そこには昨日もお世話になった『白夜』のメンバーとサブマスさんがいた。
「おや、教授にトワ君達。いったいどうしたんだい」
「うむ。トワ君達がボスを倒したときの話を聞きたいそうである」
「なるほど、わかりました。我々の体験談で良ければ話しましょう」
「ありがとうございます」
「うむ。それでは私は出発準備の整っている第二陣のところに行って今わかっている事を説明してくるのである」
「よろしく頼むよ、教授」
「うむ、では行ってくる」
「……さて、トワ君達は何を聞ききたいのかな? 我々が知っていることはほぼすべて教授に話したつもりですが」
「念のために自分でも話を聞いておきたくて。

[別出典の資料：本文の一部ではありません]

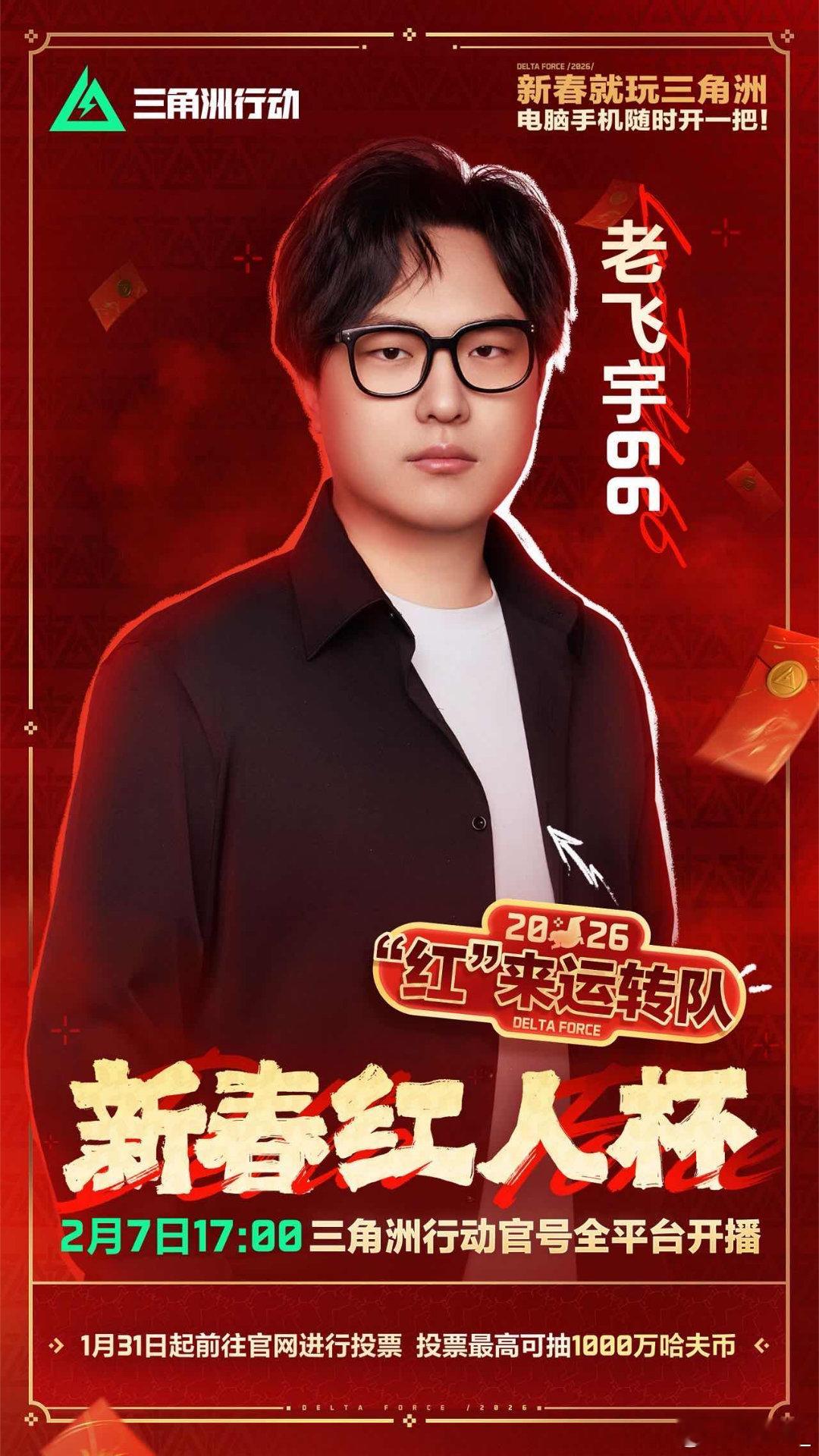 三角洲新春红人杯开打三角洲行动“红”来运转队冲!彭昱畅搭档老飞宇66和成成大王出战,拼命三郎上线战场,主打一个全力以赴,carry全场!2月7日17点,锁定直播间为彭彭战队打call!

それに、ボスを倒せた点についてはあまり説明されてなかったので」
「……ボスを倒したときですか。正直、我々も無我夢中であまり詳しいことを語れるほど情報はないのですが……」
「おい、あれなんてどうだ。ダメージを与えられるようになったときの話」
「……ああ、そういえば。我々が戦った時も、最初はほとんどダメージが通らなかったんです。でも、戦ってる途中からダメージが与えられるようになり始めてね……ただ、詳しい条件がなんだったのかはわからないんですよ。申し訳ない」
……なるほど、戦闘途中からダメージが通るようになったね……
「いえ、有益な情報でした。ありがとうございます」
「そうか、ならよかった。できれば君達にはボスを撃破してほしいんだ、よろしく頼みます」
「はい、精一杯がんばらせてもらいますよ」
……さて、こうなるとボスにダメージが通るようになる条件の候補となるは2つ。
それのどっちが正しいのか、こればっかりは賭けになるな。